The last use case is the one marker interfaces serve. A marker interface isn't any less of an interface. It just describes a different category of behaviour, one that can't be expressed through method or attribute APIs. It's still behaviour that we would like to express formally, and using interfaces for that seems the most logical solution.

Interface docstrings are as much part of the formal interface as method or attribute specifications! (Otherwise an interface could never mandate the type of an argument passed to a method, e.g. IContainer.__setitem__ only takes unicode or string names.)

yes, I agree. A perfect use case for interfaces without methods is when the specification cannot be expressed in a programmatic way. For instance persistable, etc. in that case only a natural language is appropriate.


FYI, the same discussion has occurred in Java (since there are marker interfaces there too and since there are interfaces too and the language does not prohibit using interfaces without methods).

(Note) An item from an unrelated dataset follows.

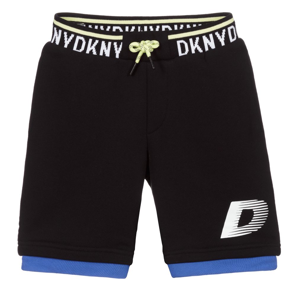 Boys black cotton jersey shorts with bright blue trim, by DKNY. Bermuda length, they are soft and stretchy and have an elasticated, knitted jersey waistband with a yellow stripe and white logo detail. There is a white logo print on the hem and two side pockets.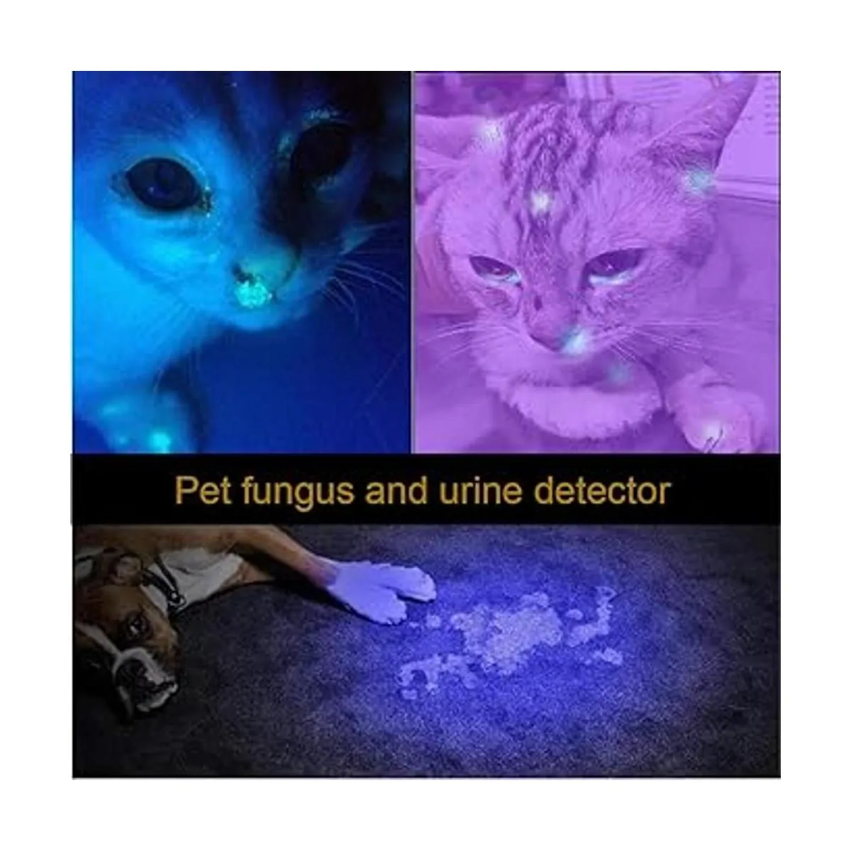 Aplicaciones multifuncionales potentes. Los rayos UV pueden revelar las manchas o fluidos que son invisibles para los ojos desnudos en el suelo o incluso la hierba. como detectar documentos falsificados, verificación de dinero, detección de ámbar y joyas, detección de orina de mascotas y manchas

Are they an anti-pattern? An answer which I find perfectly valid is given at:

http://www.artima.com/intv/issuesP.html
under "Appropriate Use of Marker Interfaces"

however my reaction was against using interfaces without specification or interfaces with a very implicit and blurry specification, as in the cases described by Martin, in which he defends the use of marker interfaces basically as a way to tag classes "externally" (on/off switch, ...). A class annotation API would be better in that case, maybe based on the same internals as the interface API.


"marker interfaces" have empty specifications, that's the problem: they can't grow into "real" interfaces that have a specification. If you add methods to the marker interface you will have to track down all classes that implement the interface (unless you don't really care whether classes do implement their interface).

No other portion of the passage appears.